OK, I digress. So the number of possible lotto combinations is 59 choose 6 (expressed mathematically as
_{59}C_{6}). See the link above for the formula, or suffice it to say that it yields:

45,057,474

possible outcomes! Needless to say, a **1 in 45 million** chance is pretty unlikely.
But compared to your odds of picking a perfect bracket, it's like comparing a free throw to a full court buzzer-beater.

### Back to that quintillion

The 9.2 quintillion number comes from the fact that there are 63 games in the tournament, each with 2 possible outcomes (either one team wins or the other one does). According to the Fundamental Counting Principle, this yields

This number is so large that the calculator cannot display it all on one line, so it is expressing it in Scientific Notation. However, Wolfram Alpha can do it!

2^{63} = 9,223,372,036,854,775,808

possible combinations!
This number is so massive that human beings have a hard time imagining it. We simply have no frame of
reference for numbers that large.
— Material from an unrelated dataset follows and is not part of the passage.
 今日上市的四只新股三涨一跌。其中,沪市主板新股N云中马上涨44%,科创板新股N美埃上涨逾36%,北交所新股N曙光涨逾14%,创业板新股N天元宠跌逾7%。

The great astrophysicist Neil deGrasse Tyson pointed out that, counting
at the impressive rate of one number per second, it would take you 12 days to reach a million, but 32
*years* to reach a billion, and
"32,000 years to reach a trillion, which is as much time as has elapsed since people first drew on cave
walls!" At that rate, since a quadrillion is a thousand trillions, and a quintillion is a thousand
quadrillions, it would take you 32 billion years to reach a quintillion, which is more than twice the age
of the universe!

Here's another good frame of reference, again from Tyson. "Last I checked, Bill Gates was worth $50 billion. If the average employed adult, who is walking in a hurry, will pick up a quarter from the sidewalk, but not a dime, then the corresponding amount of money (given their relative wealth) that Bill Gates would ignore if he saw it lying on the street is $25,000."

Lastly, check out how big a trillion dollars is (IN THE FORM OF PALLETS OF HUNDRED DOLLAR BILLS) at: pagetutor.com!
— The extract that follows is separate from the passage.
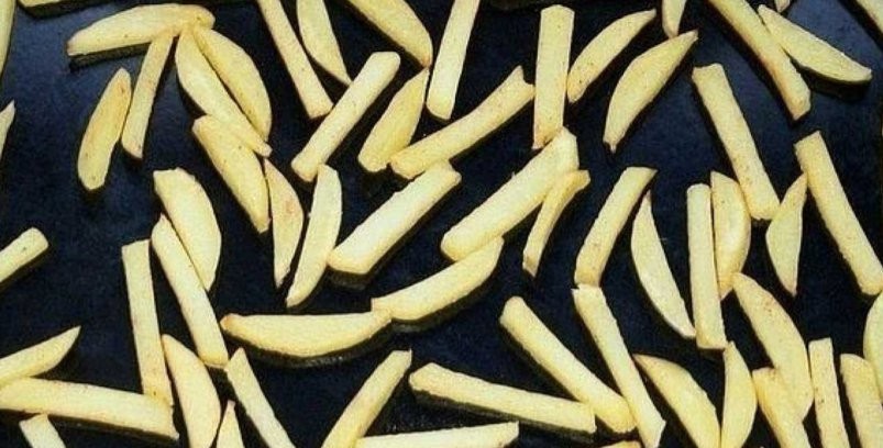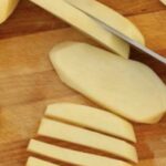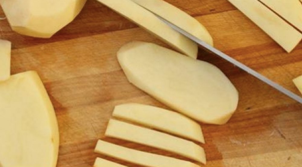 - First, we cut the potatoes (into fries about 1 cm thick).

So 9 quintillion is a big number for sure, but *how much bigger* than that 1 in 45 milllion
chance of winning the lotto?

### Improving your odds

Of course, this assumes you know nothing about college hoops and just flip a coin to predict the winner of each game — ignoring facts such as no 16 seed has ever beaten a 1 seed, so those games are far more certain than 50-50.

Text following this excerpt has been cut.